Ve sonra bir ülke olarak polis departmanlarımızdan istediğimiz şey hakkında gerçekten ciddi bir konuşma yapmak.

Ulusal konuşmanın faydaları

Bazı muhafazakarların zorluklarından bahseden bir makale okudum, çünkü muhafazakarlar için her zaman kanun ve düzen vardır. Ama aynı zamanda büyük hükümete karşı özgürlükçü hareket de var. Ve sokaklarda tüm bu askeri teçhizata sahip olduğunuzda, bu gerçekten o insanları tetikliyor. Yani Ron Paul ve Ted Cruz gibi insanlar bile var, "Hey, bir dakika burada bekleyin. Bu o kadar da havalı değil…” Ama sonra kanun ve düzen duruşuna sahip muhafazakarların başka kanatları var.

Bu yüzden, sorunlarla ilgili ulusal konuşmaların gerçekten çok yararlı olduğunu düşünüyorum. Çünkü bunun birçok yönü var. 9 Eylül'e tepkimizde, belki de insanları korumaya çalışmak konusunda aşırıya kaçtık, böylece teröristler için kullanılması gereken ekipman çok fazla düzenleme olmadan yerel polis departmanları tarafından verildi veya satın alındı. Ve aşırıya kaçan sıradan olaylar için kullanılmıyor.

Şimdi, bazen SWAT ekiplerinin polisin şiddet içermeyen bir suç için tutuklaması gerektiğinde ortaya çıktığını söylüyorlardı.

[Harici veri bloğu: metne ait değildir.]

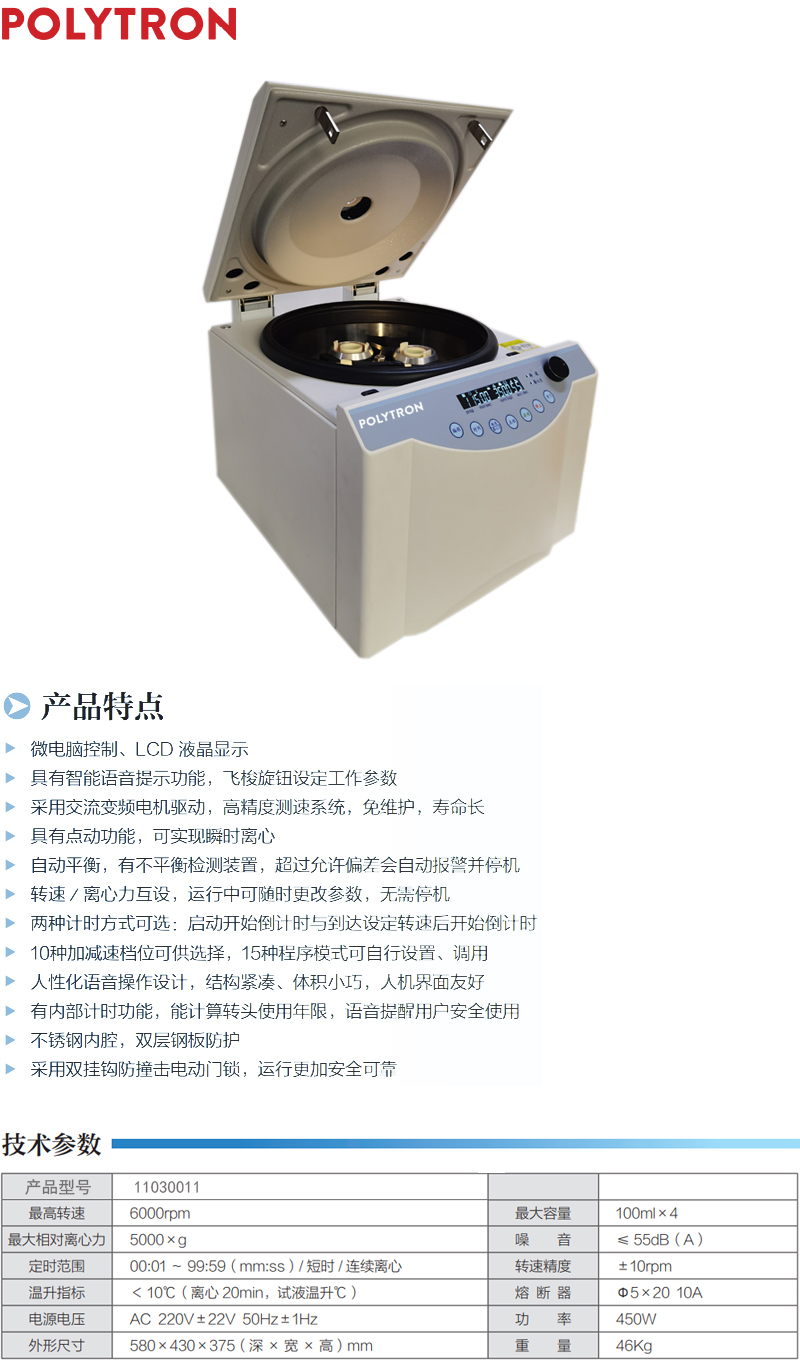 ·微电脑控制、LCD 液晶显示; ·具有智能语音提示功能,飞梭旋钮设定工作参数; ·采用交流变频电机驱动,高精度测速系统,免维护,寿命长; ·具有点动功能,可实现瞬时离心 ·自动平衡,有不平衡检测装置,超过允许偏差会自动报警并停机 ·转速 / 离心力互设,运行中可随时更改参数,无需停机 ·两种计时方式可选:启动开始倒计时与到达设定转速后开始倒计时 ·10种加减速档位可供选择,15种程序模式可自行设置、调用 ·人性化语音操作设计,结构紧凑、体积小巧,人机界面友好 ·有内部计时功能,能计算转头使用年限,语音提醒用户安全使用 ·不锈钢内腔,双层钢板防护 ·采用双挂钩防撞击电动门锁,运行更加安全可靠

Affedersiniz? Bunun için gerçekten bir SWAT ekibine ihtiyacınız var mı?

Öyleyse, karşılıklı olarak üretken bir konuşma yapabilirsek, korunma için neye ihtiyacımız var, nerede fazla ileri gidiyor ve polisin topluma karşı sahip olması gereken iyi bir tutum nedir? Toplumun denetleyicileri mi, toplumun hizmetkarları mı? Polisin hizmet ettiği toplumla nasıl iyi bir ilişkisi var? Topluluk, ihtiyaçlarını ve arzularını polise nasıl bildirir?

Bu yüzden, umarım bu tür şeyler hakkında iyi bir tartışma yapabiliriz. Ama ne olduğunu görmek açıkçası çok endişe verici. Ve hepimizi biliyorum, Newport şehir merkezine girersek ve orada askeri teçhizat varsa, hepimiz çıldırırdık.

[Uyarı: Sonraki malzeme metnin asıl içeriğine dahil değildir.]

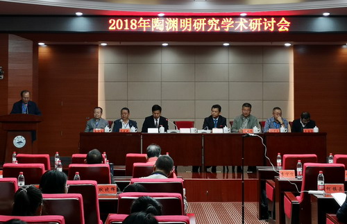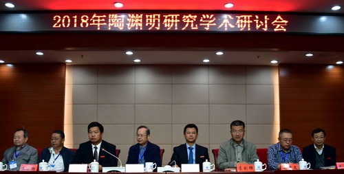 10月19—21日,2018年陶渊明研究学术研讨会在九江学院隆重举行。中国陶渊明研究会会长、华东师范大学龚斌教授,中国陶渊明研究会副会长、山东大学李剑锋教授,中国陶渊明研究会副会长、内蒙古大学高建新教授,中国陶渊明研究会副会长、江苏教育学院刘中文教授,中国陶渊明研究会副会长、广西大学李寅生教授,以及来自北京大学、清华大学、同济大学、上海大学、扬州大学、三峡大学、上海师范大学、华中师范大学、江苏师范大学、安徽师范大学、安庆师范大学、江西师范大学、天津师范大学、河南师范大学、河北师范大学、哈尔滨师范大学、东北财经大学、浙江理工大学、中国石油大学、青岛科技大学、江西科技师范大学、兰州城市学院、周口师范学院、黄淮学院、北京电子科技学院、郑州轻工业学院、牡丹江师范学院、贵州农业职业学院、江西高校出版社、九江市陶渊明纪念馆、庐山市陶渊明文化研究会等单位和机构的专家学者六十余人,参加了本次学术研讨会。

Bilmiyorum, Newport Polisinde bunlardan herhangi birinin olup olmadığını görmek ilginç olurdu. Umarım değildir. Ama görünüşe göre her yerdeki kasaba ve şehirlere dağıtılıyor.

Bu makaleyle ilgili bir takip videosunu buradan izleyin.

Saygıdeğer Thubten Chodron

Muhterem Chodron, Buddha'nın öğretilerinin günlük hayatımızda pratik uygulamasını vurgular ve özellikle bunları Batılılar tarafından kolayca anlaşılan ve uygulanan şekillerde açıklama konusunda yeteneklidir. Sıcak, esprili ve anlaşılır öğretileriyle tanınır. 1977'de Dharamsala, Hindistan'da Kyabje Ling Rinpoche tarafından Budist rahibe olarak atandı ve 1986'da Tayvan'da bhikshuni (tam) koordinasyon aldı. Biyografisinin tamamını okuyun.